A sugi log, 40 cm in diameter (over-bark) at breast height, harvested from the Kasuya Research Forest of Kyushu University in Fukuoka Prefecture, Japan (latitude: 33.63829, longitude: 130.518235) was air dried under cover for 3 years. A 30 cm long sapwood stick with its long axis in the fibre direction was sawn from the log using a band saw. The stick was cross-cut to produce thirteen specimens with nominal dimensions of 8 mm (radial) ×ばつ 8 mm (tangential) ×ばつ 10 mm (longitudinal). Specimens were conditioned at 20 °C and 50% relative humidity to achieve a moisture content of 10%. The actual longitudinal dimensions of the specimens measured with a digital caliper varied from 9.46 to 11.28 mm. The time taken for the preservative to first appear in cells (tracheids) located at the abaxial (bottom) surface was measured, when a droplet of solvent-borne preservative was placed on to the opposing adaxial (upper) transverse surface.
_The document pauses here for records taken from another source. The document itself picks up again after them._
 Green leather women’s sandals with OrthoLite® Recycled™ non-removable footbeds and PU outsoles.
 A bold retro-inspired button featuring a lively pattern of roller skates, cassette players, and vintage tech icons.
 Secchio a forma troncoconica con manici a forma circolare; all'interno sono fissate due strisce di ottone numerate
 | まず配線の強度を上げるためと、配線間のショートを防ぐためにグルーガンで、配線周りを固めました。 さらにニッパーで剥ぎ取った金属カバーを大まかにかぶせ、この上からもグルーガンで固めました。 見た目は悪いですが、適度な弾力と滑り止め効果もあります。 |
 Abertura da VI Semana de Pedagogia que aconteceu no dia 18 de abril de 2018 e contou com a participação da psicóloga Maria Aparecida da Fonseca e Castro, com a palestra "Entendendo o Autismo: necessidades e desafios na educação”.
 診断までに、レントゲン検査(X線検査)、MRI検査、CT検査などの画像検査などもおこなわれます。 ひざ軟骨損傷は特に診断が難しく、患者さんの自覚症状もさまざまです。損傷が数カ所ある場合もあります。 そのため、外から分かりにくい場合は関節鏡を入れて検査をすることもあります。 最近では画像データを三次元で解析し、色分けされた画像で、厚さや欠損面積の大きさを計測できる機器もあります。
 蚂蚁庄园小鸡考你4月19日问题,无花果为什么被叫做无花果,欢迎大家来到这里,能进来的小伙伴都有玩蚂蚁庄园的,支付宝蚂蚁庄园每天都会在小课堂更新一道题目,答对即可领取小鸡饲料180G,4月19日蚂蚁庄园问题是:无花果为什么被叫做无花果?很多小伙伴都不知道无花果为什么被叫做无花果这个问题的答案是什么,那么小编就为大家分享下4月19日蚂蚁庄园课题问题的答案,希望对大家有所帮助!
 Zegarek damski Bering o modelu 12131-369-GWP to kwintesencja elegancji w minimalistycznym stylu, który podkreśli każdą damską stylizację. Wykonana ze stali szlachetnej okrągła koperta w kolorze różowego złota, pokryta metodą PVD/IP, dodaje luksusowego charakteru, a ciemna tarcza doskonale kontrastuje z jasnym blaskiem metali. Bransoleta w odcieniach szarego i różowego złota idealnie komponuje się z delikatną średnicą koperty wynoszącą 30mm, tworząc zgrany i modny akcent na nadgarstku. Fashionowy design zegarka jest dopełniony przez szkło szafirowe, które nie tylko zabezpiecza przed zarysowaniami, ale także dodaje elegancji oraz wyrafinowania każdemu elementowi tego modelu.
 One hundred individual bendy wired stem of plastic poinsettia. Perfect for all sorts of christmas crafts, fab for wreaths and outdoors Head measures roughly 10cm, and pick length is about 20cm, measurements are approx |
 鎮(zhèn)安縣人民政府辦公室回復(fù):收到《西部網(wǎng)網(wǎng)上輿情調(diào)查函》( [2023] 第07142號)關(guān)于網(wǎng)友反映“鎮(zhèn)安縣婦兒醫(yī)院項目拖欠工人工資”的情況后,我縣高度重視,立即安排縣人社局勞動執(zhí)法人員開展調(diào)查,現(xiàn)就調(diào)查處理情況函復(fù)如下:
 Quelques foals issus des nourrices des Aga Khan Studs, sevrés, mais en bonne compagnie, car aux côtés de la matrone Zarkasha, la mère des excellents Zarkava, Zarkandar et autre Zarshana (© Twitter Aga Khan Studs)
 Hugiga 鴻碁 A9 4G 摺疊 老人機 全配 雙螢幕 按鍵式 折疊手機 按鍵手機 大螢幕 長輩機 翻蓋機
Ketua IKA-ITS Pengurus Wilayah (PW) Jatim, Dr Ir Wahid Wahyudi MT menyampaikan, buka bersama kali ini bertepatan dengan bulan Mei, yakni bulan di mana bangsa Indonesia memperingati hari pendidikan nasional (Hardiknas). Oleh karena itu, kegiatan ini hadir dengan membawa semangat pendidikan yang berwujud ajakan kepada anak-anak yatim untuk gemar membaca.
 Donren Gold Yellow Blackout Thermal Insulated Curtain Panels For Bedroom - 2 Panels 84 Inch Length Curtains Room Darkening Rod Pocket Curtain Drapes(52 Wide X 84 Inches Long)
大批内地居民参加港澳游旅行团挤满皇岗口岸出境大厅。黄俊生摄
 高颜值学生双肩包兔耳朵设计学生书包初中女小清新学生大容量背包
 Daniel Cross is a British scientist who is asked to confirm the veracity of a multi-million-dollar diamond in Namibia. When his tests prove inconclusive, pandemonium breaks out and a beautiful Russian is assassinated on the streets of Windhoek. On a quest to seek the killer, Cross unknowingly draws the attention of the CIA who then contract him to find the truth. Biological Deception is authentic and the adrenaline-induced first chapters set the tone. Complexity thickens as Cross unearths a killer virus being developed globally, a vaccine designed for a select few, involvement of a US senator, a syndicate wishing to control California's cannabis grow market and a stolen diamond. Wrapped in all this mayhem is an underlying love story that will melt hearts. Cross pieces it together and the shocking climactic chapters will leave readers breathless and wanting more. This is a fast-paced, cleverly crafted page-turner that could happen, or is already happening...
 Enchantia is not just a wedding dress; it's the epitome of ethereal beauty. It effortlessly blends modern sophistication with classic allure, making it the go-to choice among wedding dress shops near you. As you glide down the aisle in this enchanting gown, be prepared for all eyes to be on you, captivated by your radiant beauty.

The growth-ring boundary was positioned either parallel or perpendicular to the upper surface. Average density and growth ring widths of the 13 specimens used in this research were 0.40 g/cm3 and 1.55 mm, respectively. Both top and bottom surfaces of all dry specimens were lightly moistened with distilled water applied with a bristle brush. Both surfaces were then smoothed using a sliding sledge microtome (Yamato-TU213) containing a Yamato 24 cm (long) ×ばつ 4.4 cm (wide) blade holder and a Feather S35 disposable microtome blade. A new blade was used for each specimen. Specimens were stored at 20 °C and 50% relative humidity for more than 24 h before they were placed on the stage of the CLSM. Once a preservative droplet was dispensed on the upper surface of a specimen, a timer triggered capture of images of the abaxial (lower) surface of the specimen above the objective lens. Images were captured every 3 s over a period of 10 min. The time taken for the preservative to penetrate through each specimen was calculated using captured time-lapse images. Specimens were conditioned at 20 °C and 50% relative humidity for 10 days as this is the holding time for glulam and solid wood sill plates that are treated commercially in Japan [1, 3, 7]. Specimens were then reimaged to observe the distribution of the preservative.

Results

Rate of longitudinal penetration of solvent-borne preservative

The relationship between the height of the 13 specimens and the time taken for preservative to be detected in tracheid lumens at the imaged abaxial (lower) surface is shown in Fig. 2. The preservative completely penetrated all specimens, but there was large variation in the detection time (min = 3 s; Max = 36 s). There was no correlation between the height of samples and detection time (R2 = 0.0037).

Fig. 2

Relationship between specimen height and through-penetration time for the solvent-borne preservative. The numbered (i, ii, iii) red symbols represent specimens visualised below (Figs. 3, 4, 5).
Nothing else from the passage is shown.